What is embryo transfer?

Embryo transfer is simple procedure and the crucial last step in IVF or ICSI process. It involves transferring fertilized embryos into a woman’s uterus for implantation. The embryos are drawn into a fine catheter which is inserted through the cervix, into the uterus. The embryos are then gently released into it. The ultimate goal of a successful embryo transfer is to deliver the embryos precisely to the uterine fundus (the uppermost rounded portion of the uterus) in a location where implantation is maximized.

The procedure is short, usually pain free and rarely requires any sedatives. Some patients report mild cramping and may wish to rest for an hour after the transfer although usually this is not necessary. Progesterone is often the main medication that a woman will continue to take after the embryo transfer as it helps to increase the chances of pregnancy and is also vital to sustaining a pregnancy. This medication is discontinued after 12 weeks of pregnancy.

Prior to the procedure, the number of embryos to be transferred is discussed. It will not exceed the legal maximum of 2 embryos per transfer for women under 40 years of age and 3 embryos per transfer for women over 40 years of age.

Blastocyst culture and transfer

Most of the time, we will recommend to extend the development of the embryo until day five. This is known as the blastocyst stage when the embryo has developed to the point of having 2 different cell components and a fluid cavity. The blastocysts are transferred to the uterus in the same way as for day 3 embryos. A healthy blastocyst will implant within one to four days following a day 5 transfer.

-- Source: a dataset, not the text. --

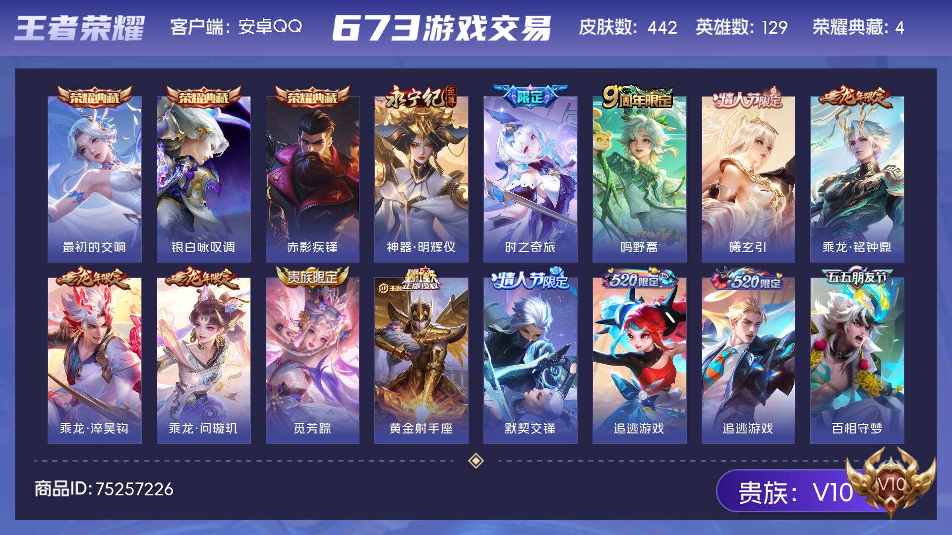 V10 皮肤442 英雄129 至尊星耀 荣耀典藏4 无双皮肤1 传说36 其他皮肤407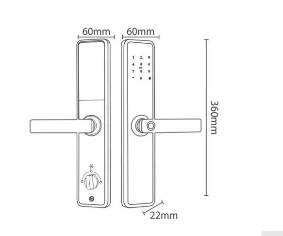 + Kích thước thân khóa ngoài: R66 x C360 x D22mm

Blastocyst transfer is now fairly common in IVF treatment as it increases the chances of pregnancy per transfer, while decreasing the possibility of multiple births. At Life Clinic, we use the popular blastocyst scoring classification originally developed by Dr. David Gardner in the late 1990’s. Gardner’s classification assigns 3 separate quality scores to each blastocyst embryo and aids selection of the highest quality embryos which would have the highest chances of success. We have the ability to maintain the cultured embryos at top conditions until the day of blastocyst transfer, by using the advanced laboratory equipment and practices as well as using the most advanced culture media in the world.

Embryo Transfer

After the embryo transfer

The procedure that a woman should follow after the embryo transfer is in most cases very simple. So, in cases where the cause of infertility is known and treated, after the embryo transfer we recommend a life as normal as before. There is no scientific evidence that bed rest or abstinence from work and normal daily activities increase the chances of success. However, we take care to adapt this daily routine to the special needs of each woman, with the ultimate goal of being as calm as possible during this period.